6. Cera wachte auf. Sie hatte lange geschlafen und eine Menge geträumt. Komische Leute hatte sie gesehen. Lang und dünn und am ganzen Körper durchsichtig. Aber sie hatten Cera irgendwie gefallen. Eigentlich tat es ihr leid, daß sie wach war. Immer wachte man auf, wenn es am schönsten war! Manchmal träumte Cera von einer Reihe von Türen, so vielen Türen, wie sie gar nicht zählen konnte. Aber immer konnte sie nur eine von ihnen aufstoßen. Dann sah sie die Leute aus Glas. Es machte viel Spaß, durch sie hindurchzusehn. Obwohl da manchmal so ein Ding war, das Cera gar nicht paßte. Es war einfach ein Ding, und ein ziemlich dummes. Die durchsichtigen Leute hatten furchtbare Angst davor. Cera hopste aus dem kleinen Bett und ging wieder hinüber in den großen Raum, wo Mam und Pa zu Hause waren. Sie waren immer noch nicht zurück. Nur die dummen Roboter standen da und glotzten Cera an. Cera ließ sich von einem der Blechkästen füttern, bis sie satt war. Dann ging ihr der Roboter auf die Nerven. Warum merkte das Ding nicht, daß Cera keinen Hunger mehr hatte? „Hör auf“, lispelte sie. „Genug!“ Aber der Robot hielt sie fest und wollte ihr einen neuen Löffel Konzentrat in den Mund schieben. Irgend jemand hatte ein Kinderlied abfahren lassen, das Cera ebensowenig gefiel. Zu allem Überfluß begann der Blechkerl nun auch noch zu summen! Cera konnte ja nicht ahnen, daß ihre Eltern dieses Programm zusammengestellt hatten. Sie hatte jedenfalls keine Lust, sich weiter füttern zu lassen. „Genug“, rief sie noch einmal mit ihrem zarten Stimmchen und strampelte wild mit Armen und Beinen. Aber der Robot begriff nicht. „Hau ab, blöder Kasten!“ Wieder produzierte Cera einen von Tante Harrys lustigen Sprüchen.
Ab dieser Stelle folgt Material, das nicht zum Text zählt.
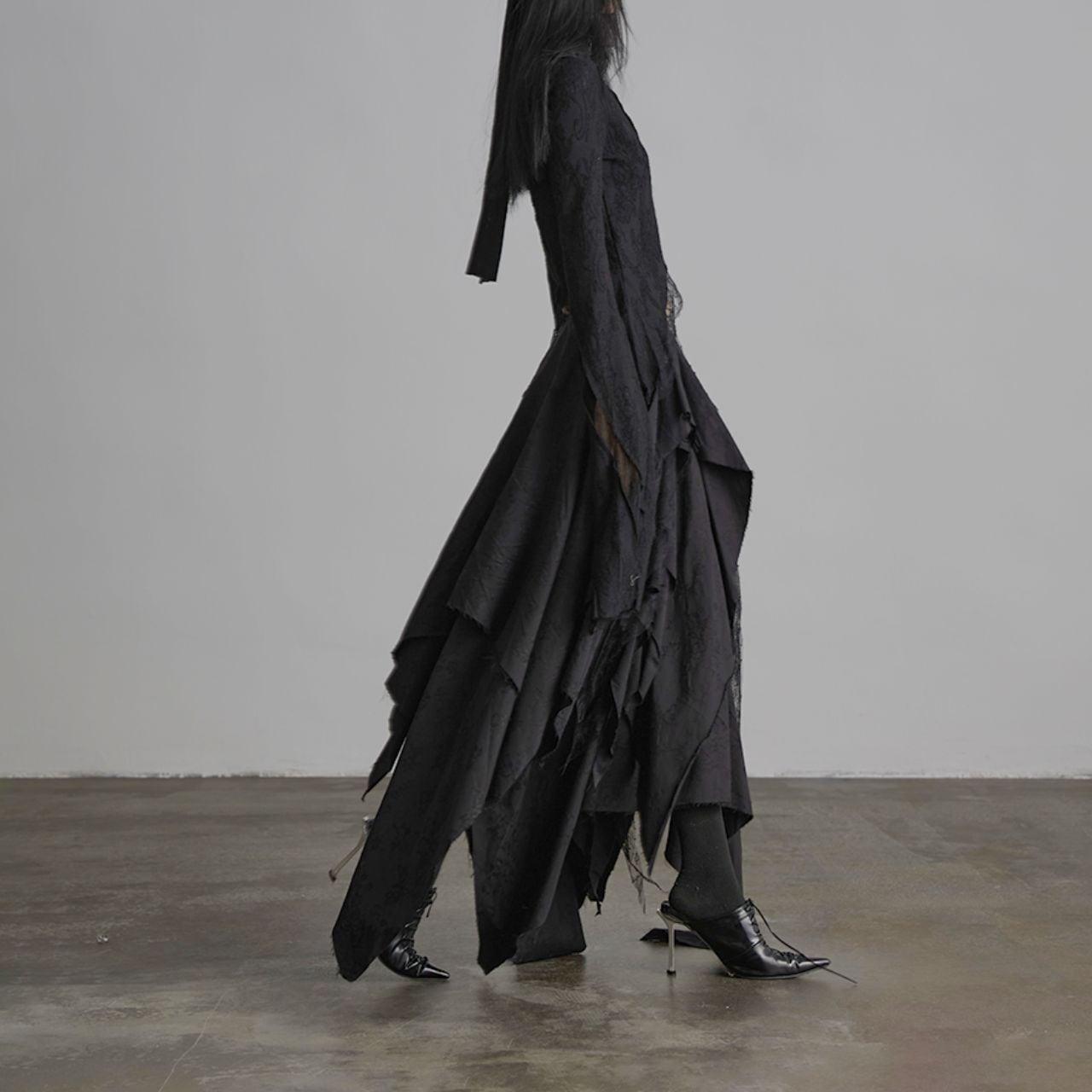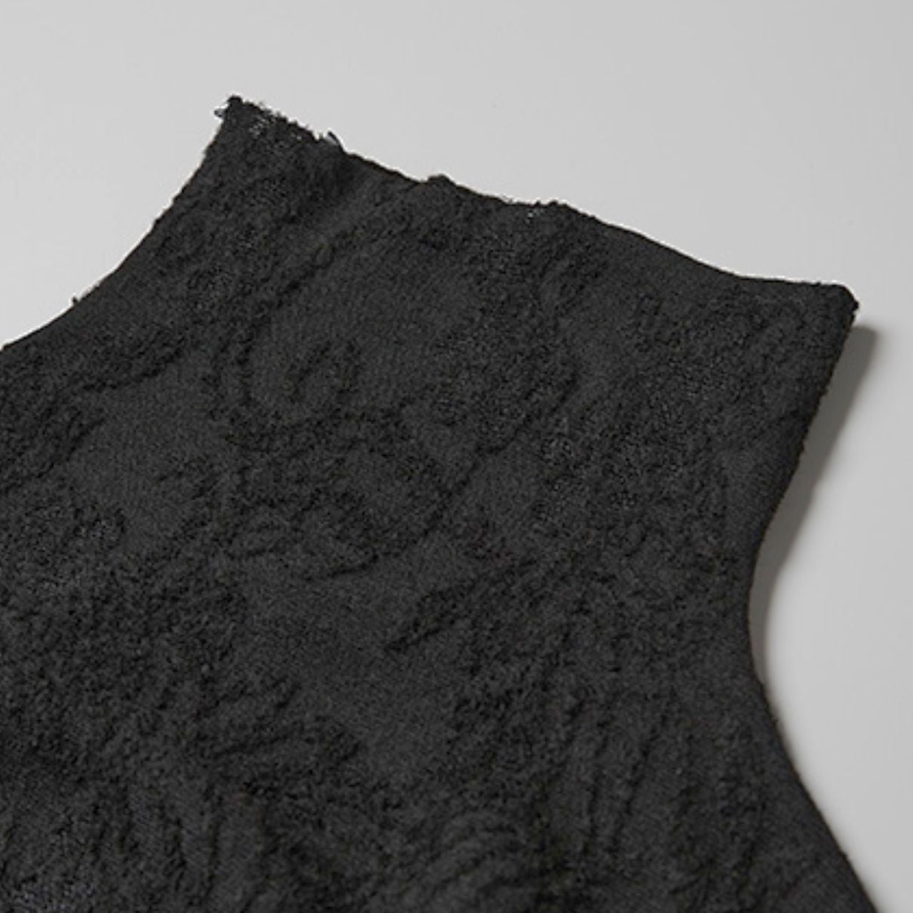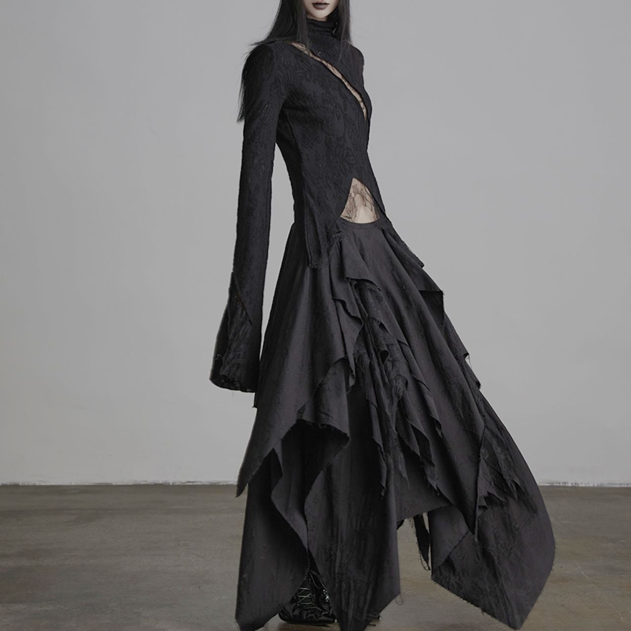 ハイネックのロングスリーブトップスは、大胆なカットアウトデザインが個性を際立たせます。

Als der Robot sie immer noch dumm anglotzte, wurde Cera wütend. Hau endlich ab, du blödes Ding! dachte sie und wünschte den Robot zum Teufel. Im nächsten Moment war der Roboter verschwunden. Cera plumpste weich in das Polster der Couch, auf der sie mit dem Quälgeist gesessen hatte, und vergaß den Robot. Cera wollte spielen, aber keiner war da. Cera war enttäuscht. Vor allem von Tante Harry. Wieso war Tante Harry nicht da, wenn sie mit ihr spielen wollte? Hatte Tante Harry Cera nicht mehr gern? Cera wurde wieder müde. Träumen! Das war schön! Cera wollte wieder träumen. Sie lief in ihr Zimmer und kroch ins Bett. Irgendeiner von diesen überall herumstehenden Robotern löschte das Licht. Cera summte eine Melodie vor sich hin und wackelte mit dem Kopf, bis sie müde wurde. Dann kam der Halbschlaf. Träumen! dachte sie. Die durchsichtigen Leute hinter der Tür. Ich will sie sehen! Und dann sah sie die Tür. Sie schwang auf. Einen Moment lang spürte Cera den Wunsch, vorbeizugehen und eine der anderen, verschlossenen Türen zu öffnen. Aber dann trat sie durch den offenen Rahmen. Cera kicherte laut, als sie Tante Harry sah! Tante Harry benahm sich unglaublich komisch. Sie strampelte und sprang in einem dicken Brei herum und stieß herrliche Verwünschungen aus. Es wirkte fast so, als hätte Tante Harry Angst. Aber das konnte Cera sich nicht vorstellen. Tante Harry hatte niemals Angst! Aber wieso benahm sie sich so eigenartig? Irgendwie hing sie in dem Brei fest und konnte nicht weg. Tante Harry steckte in der Patsche. Und der komische Brei bewegte sich, als lebte er. Der wollte doch Tante Harry nichts tun? Einen Augenblick überlegte Cera, ob Tante Harry sich wirklich in Gefahr befand. Aber dann sah sie wieder, wie lustig sie in dem Zeug umhersprang, das konnte nur einer von Tante Harrys Spaßen sein. Tante Harry war immer lustig, auch wenn sie selbst das gar nicht wollte. Das schien auch jetzt so zu sein. Aber Tante Harrys Gesicht sah gar nicht lustig aus. Vielleicht hatte sie wirklich Schwierigkeiten mit dem Ding? Das geschieht ihr recht! dachte Cera schadenfroh. Warum ist sie auch nicht hier und spielt mit mir? Tante Harry ist selbst schuld. Cera lachte vor sich hin und versuchte, Mam und Pa zu finden. Wo Tante Harry war, konnte auch sie nicht weit sein. Aber Cera fand sie nicht. Mam und Pa waren weg. Einfach verschwunden.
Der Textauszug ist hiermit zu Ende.